The conspiracy charged in the indictment at bar is the more narrowly-based heroin conspiracy suggested by Judge Sprizzo. The conspiracy alleged covers the distribution of heroin in the New York metropolitan area and spans a period of just over one year. Only Calderone and Catalano are named as conspirators. Twenty-one “overt acts” are listed in the indictment, with these defendants named in all but two. There are but three such acts carried over from the Adamita indictment: a telephone conversation between Calderone and one Alfred Spavento on June 24, 1987; a meeting of Calderone and Spavento on the same day; and a meeting of Catalano and Spavento, also held on June 24. It would seem that elimination of evidence of the conduct of the defendants on June 24, 1987 could be accomplished without any harm to the government’s case. It is not necessary to do so, however, because these items of conduct were not the subject of previous prosecution and they do not constitute offenses in any event. They are merely items of evidence that the government has chosen to set forth in both indictments under the heading, “Overt Acts.”
“In contrast to the general conspiracy statute, 18 U.S.C. § 371, which requires the performance of an overt act, no overt act need be alleged or proven as a necessary element of a conspiracy under 21 U.S.C. § 846.” United States v. Delvecchio, 816 F.2d 859, 864 (2d Cir.1987). See also United States v. Bermudez, 526 F.2d 89, 94 (2d Cir.1975), cert. denied, 425 U.S. 970, 96 S.Ct. 2166, 48 L.Ed.2d 793 (1976). The agreement between the parties is said to be the “gist” of a narcotics conspiracy. United States v. Nusraty, 867 F.2d 759, 763 (2d Cir.1989). Of course, the requisite agreement may be established by circumstantial evidence. United States v. Cepeda, 768 F.2d 1515, 1517 (2d Cir.1985). Reasonable inferences may be drawn from the circumstantial evidence. United States v. Martino, 664 F.2d 860, 876 (2d Cir.1981). All of this is to say that the allegation and proof of “overt acts” is superfluous where defendants are charged under 21 U.S.C. § 846 *728with a conspiracy to commit drug offenses. See United States v. Quinones, 906 F.2d 924, 926 (2d Cir.1990). If an “element” of an offense is a constituent part or ingredient of the offense that must be proved to sustain a conviction, see Black’s Law Dictionary 467 (5th ed. 1979), the overt acts set out in the Adamita indictment and in the indictment at bar, in support of the conspiracies charged, do not fall within the definition. Unless one of the overlapping “overt acts” is not only an element but an “essential element” of the conspiracy charged in the Calderone indictment, the Grady double jeopardy test is not met.

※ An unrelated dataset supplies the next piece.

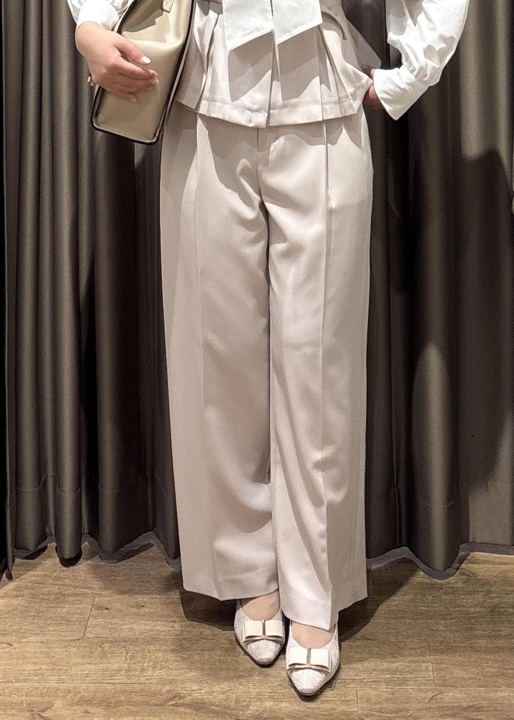 ストレートワイドパンツですとんと落ちてくれるので綺麗に見えます!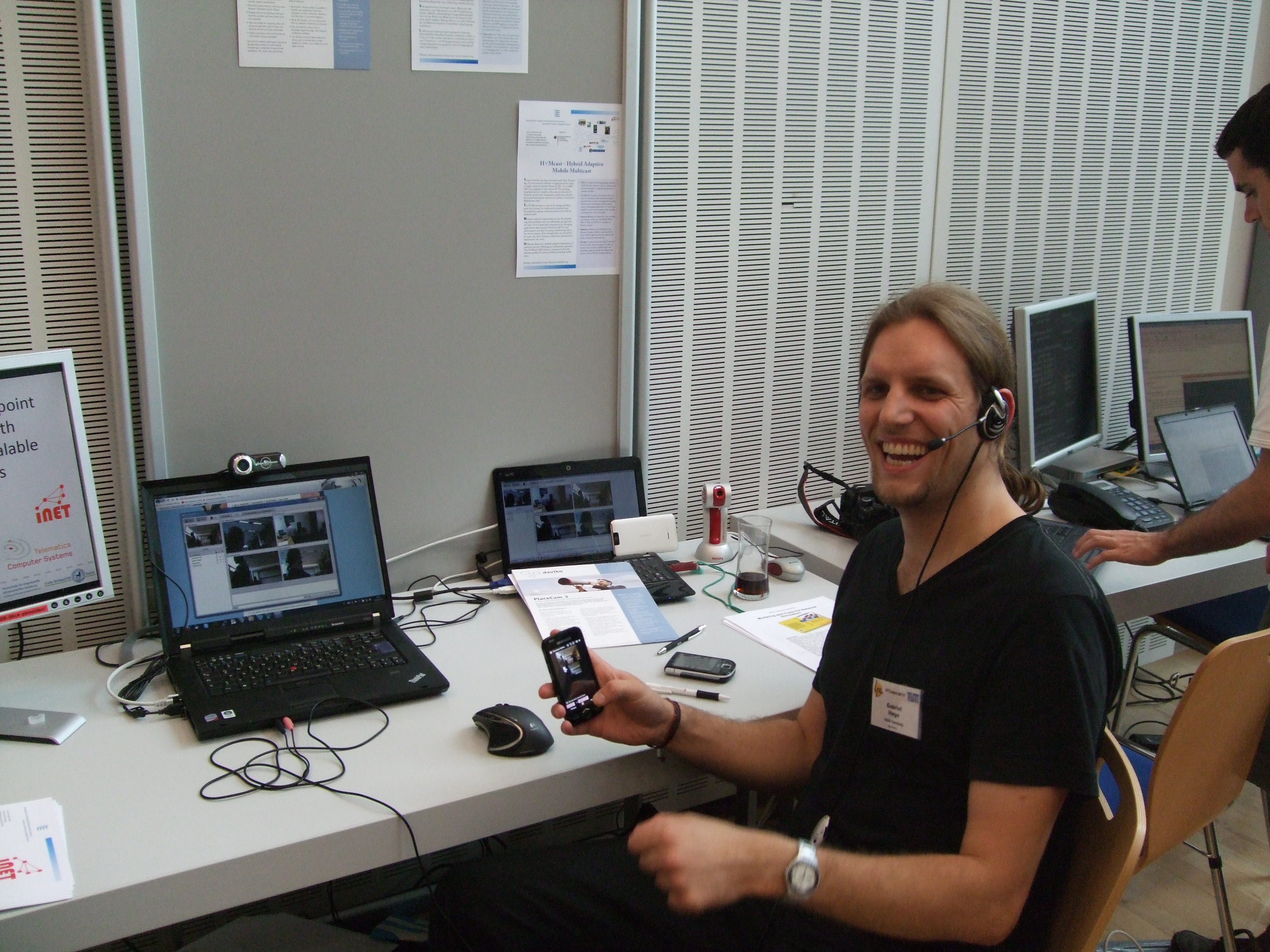 Gabriel with our mobile video conferencing demonstration Home

Even if the overlapping “overt acts” were considered to be essential elements of each of the conspiracies, the Grady test would not be met. This is so because the conduct represented by those acts must constitute an offense previously prosecuted, in order to fit within the Grady rubric. Surely we are not prepared to say that two meetings and a telephone call constitute an offense or offenses, let alone offenses for which Calderone and Catalano were prosecuted. A meeting or a telephone call may be conduct, and may even be conduct in furtherance of a conspiracy. But a meeting or a telephone call is not conduct constituting an offense, such as driving while intoxicated or crossing the center line of a highway, as in Grady v. Corbin. Those offenses, entire in and of themselves, established essential elements — necessary constituent parts — of the homicide charges later faced by Corbin, who already had been prosecuted for the traffic violations. Here, the previous prosecution involved the greater conspiracy, an agreement among a large number of people to deal in a variety of drugs over a wide geographical area during a long period of time. The present conspiracy prosecution involves two people agreeing to deal in heroin in a limited area during a much shorter time period. Confronting us, then, are two entirely different conspiracies, and, while evidence that tends to prove the existence of one may also tend to prove the existence of the other, Grady affords no double jeopardy protection under such circumstances.
What is applicable here is the test established by this court in United States v. Korfant, 771 F.2d 660 (2d Cir.1985). The Korfant test is designed to address the merits of double jeopardy claims arising from successive conspiracy prosecutions. It requires a “totality of the circumstances” analysis, illuminated by eight factors identified “as relevant to the task of individuating conspiracies.” Id. at 662. These factors are: “(1) the criminal offenses charged in successive indictments; (2) the overlap of participants; (3) the overlap of time; (4) similarity of operation; (5) the existence of common overt acts; (6) the geographic scope of the alleged conspiracies or location where overt acts occurred; (7) common objectives; and (8) the degree of interdependence between alleged distinct conspiracies.” Id. (citations omitted).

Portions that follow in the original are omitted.